Work task: In the entries that follow, find the line containing "地缘风险溢价回落,SC原油期货创四年新低! | 金十期货热图" and the line containing "5、最后,您可以缓存多个听书", then copy exactly everything from the first through the second except the pictures.

Excerpted records:

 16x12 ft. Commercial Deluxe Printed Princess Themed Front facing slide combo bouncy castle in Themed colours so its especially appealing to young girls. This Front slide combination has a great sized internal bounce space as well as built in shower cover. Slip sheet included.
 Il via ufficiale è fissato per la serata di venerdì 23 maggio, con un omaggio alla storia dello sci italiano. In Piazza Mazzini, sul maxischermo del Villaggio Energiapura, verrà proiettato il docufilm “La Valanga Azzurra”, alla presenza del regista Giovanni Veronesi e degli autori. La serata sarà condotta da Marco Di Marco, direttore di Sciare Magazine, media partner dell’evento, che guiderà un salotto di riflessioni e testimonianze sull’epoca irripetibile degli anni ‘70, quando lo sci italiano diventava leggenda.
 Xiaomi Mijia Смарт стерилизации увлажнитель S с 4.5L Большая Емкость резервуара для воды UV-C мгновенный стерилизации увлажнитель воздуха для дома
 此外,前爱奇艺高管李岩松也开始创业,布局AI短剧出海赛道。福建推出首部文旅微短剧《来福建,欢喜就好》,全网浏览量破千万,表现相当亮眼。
...
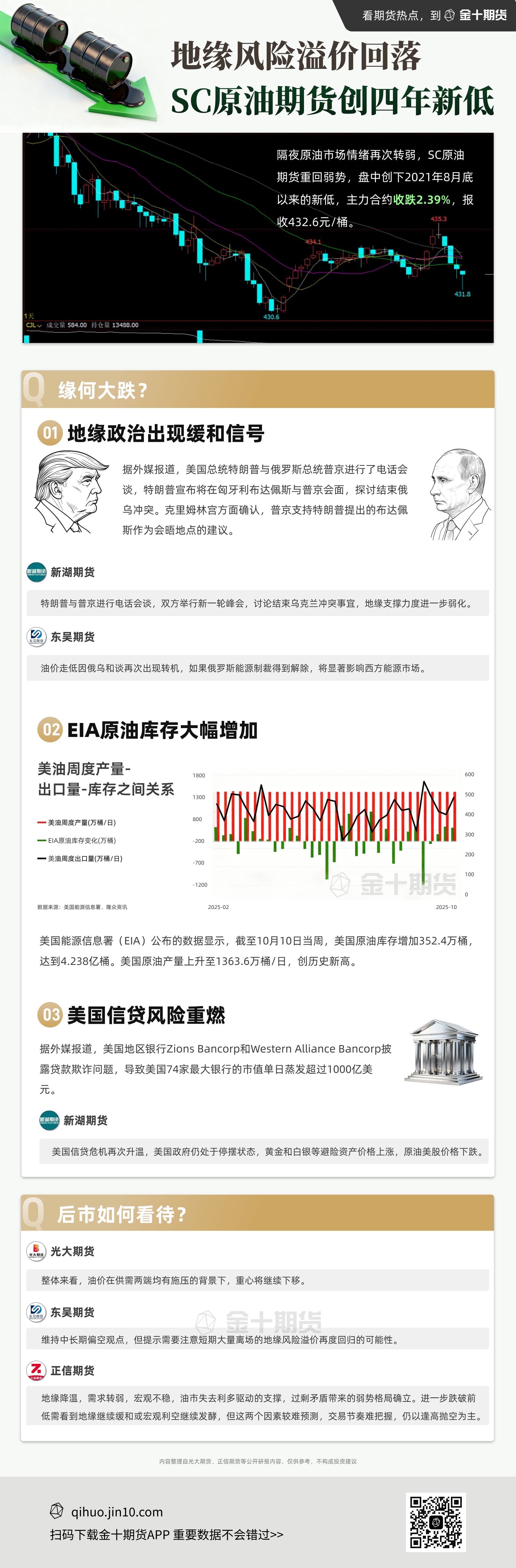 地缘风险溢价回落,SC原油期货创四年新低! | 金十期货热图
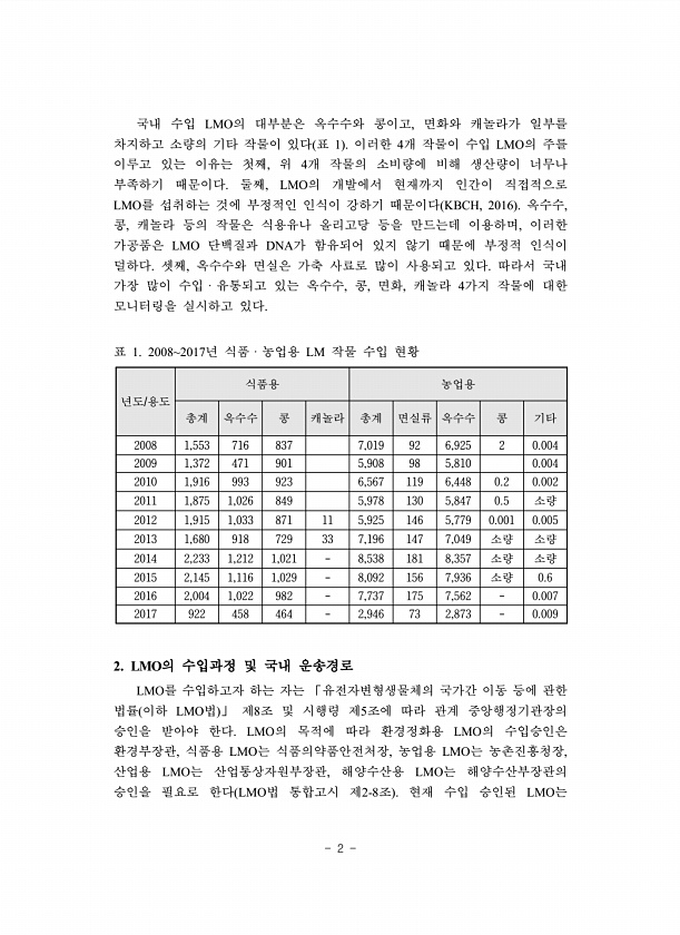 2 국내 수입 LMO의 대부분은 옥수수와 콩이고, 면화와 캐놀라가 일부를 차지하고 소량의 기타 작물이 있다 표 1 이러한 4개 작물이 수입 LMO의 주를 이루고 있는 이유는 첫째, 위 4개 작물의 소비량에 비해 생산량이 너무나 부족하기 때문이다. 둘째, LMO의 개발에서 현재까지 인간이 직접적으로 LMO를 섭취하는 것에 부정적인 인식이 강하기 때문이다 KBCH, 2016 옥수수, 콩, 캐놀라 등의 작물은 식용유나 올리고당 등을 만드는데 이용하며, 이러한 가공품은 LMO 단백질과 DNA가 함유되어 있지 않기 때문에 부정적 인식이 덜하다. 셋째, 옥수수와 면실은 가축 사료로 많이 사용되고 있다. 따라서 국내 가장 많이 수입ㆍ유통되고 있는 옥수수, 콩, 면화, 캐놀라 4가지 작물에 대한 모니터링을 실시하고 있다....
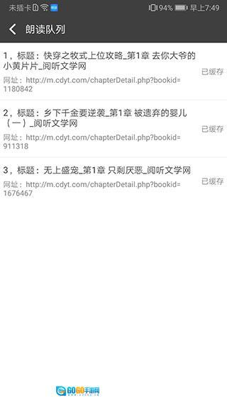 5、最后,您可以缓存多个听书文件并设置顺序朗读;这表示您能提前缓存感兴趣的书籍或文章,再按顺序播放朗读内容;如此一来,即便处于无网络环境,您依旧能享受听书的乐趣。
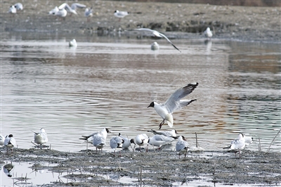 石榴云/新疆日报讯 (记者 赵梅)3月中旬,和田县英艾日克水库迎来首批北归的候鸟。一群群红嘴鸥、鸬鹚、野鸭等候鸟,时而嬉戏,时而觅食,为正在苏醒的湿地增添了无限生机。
==
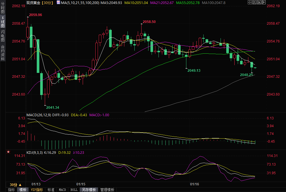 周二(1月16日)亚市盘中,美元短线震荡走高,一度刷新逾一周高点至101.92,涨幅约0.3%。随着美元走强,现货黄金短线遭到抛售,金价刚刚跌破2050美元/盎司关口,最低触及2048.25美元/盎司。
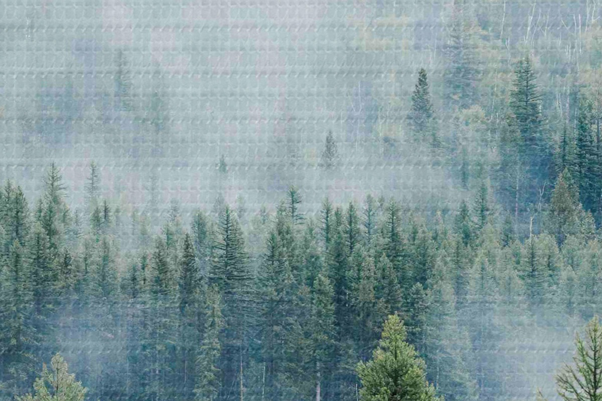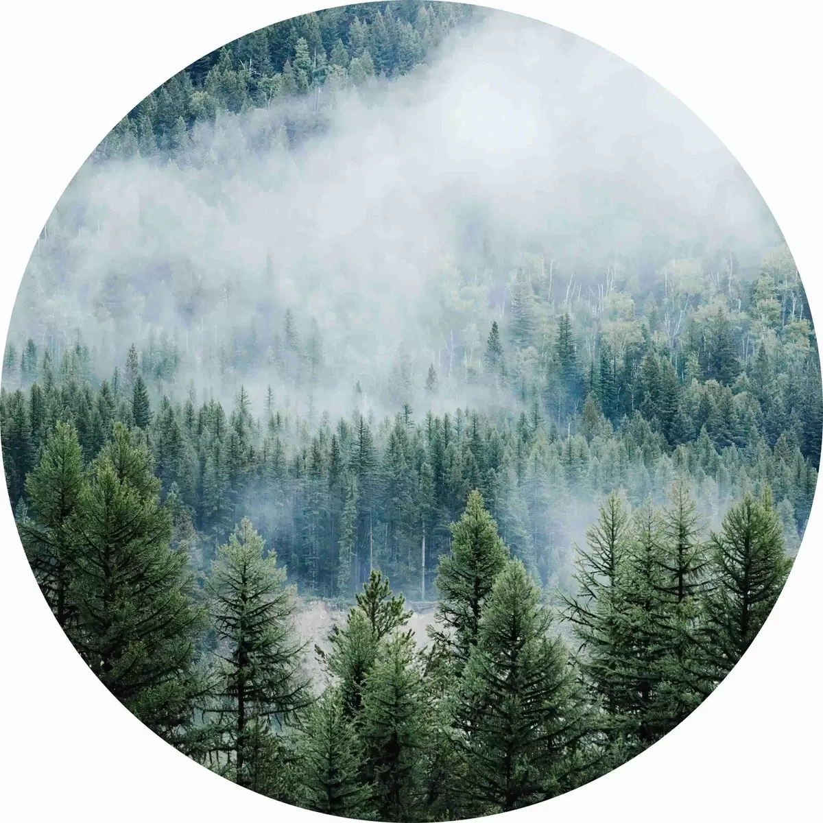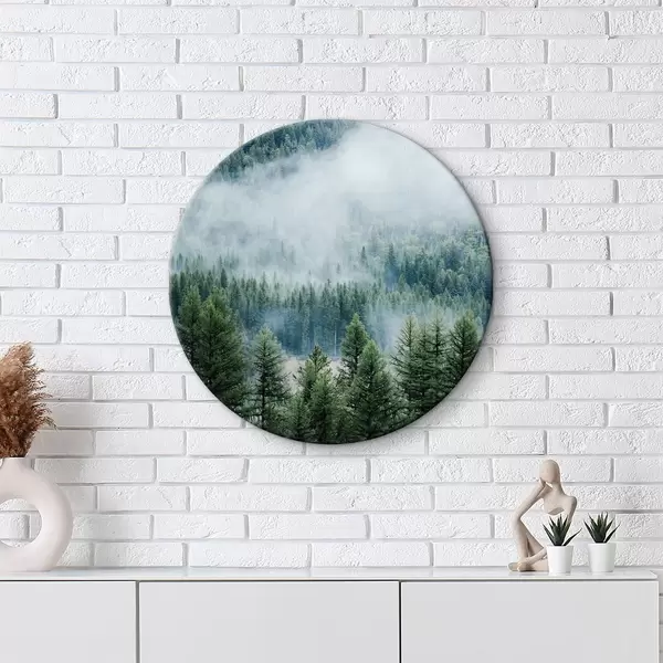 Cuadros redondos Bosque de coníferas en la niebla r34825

Written solution:
 地缘风险溢价回落,SC原油期货创四年新低! | 金十期货热图
 2 국내 수입 LMO의 대부분은 옥수수와 콩이고, 면화와 캐놀라가 일부를 차지하고 소량의 기타 작물이 있다 표 1 이러한 4개 작물이 수입 LMO의 주를 이루고 있는 이유는 첫째, 위 4개 작물의 소비량에 비해 생산량이 너무나 부족하기 때문이다. 둘째, LMO의 개발에서 현재까지 인간이 직접적으로 LMO를 섭취하는 것에 부정적인 인식이 강하기 때문이다 KBCH, 2016 옥수수, 콩, 캐놀라 등의 작물은 식용유나 올리고당 등을 만드는데 이용하며, 이러한 가공품은 LMO 단백질과 DNA가 함유되어 있지 않기 때문에 부정적 인식이 덜하다. 셋째, 옥수수와 면실은 가축 사료로 많이 사용되고 있다. 따라서 국내 가장 많이 수입ㆍ유통되고 있는 옥수수, 콩, 면화, 캐놀라 4가지 작물에 대한 모니터링을 실시하고 있다....
 5、最后,您可以缓存多个听书文件并设置顺序朗读;这表示您能提前缓存感兴趣的书籍或文章,再按顺序播放朗读内容;如此一来,即便处于无网络环境,您依旧能享受听书的乐趣。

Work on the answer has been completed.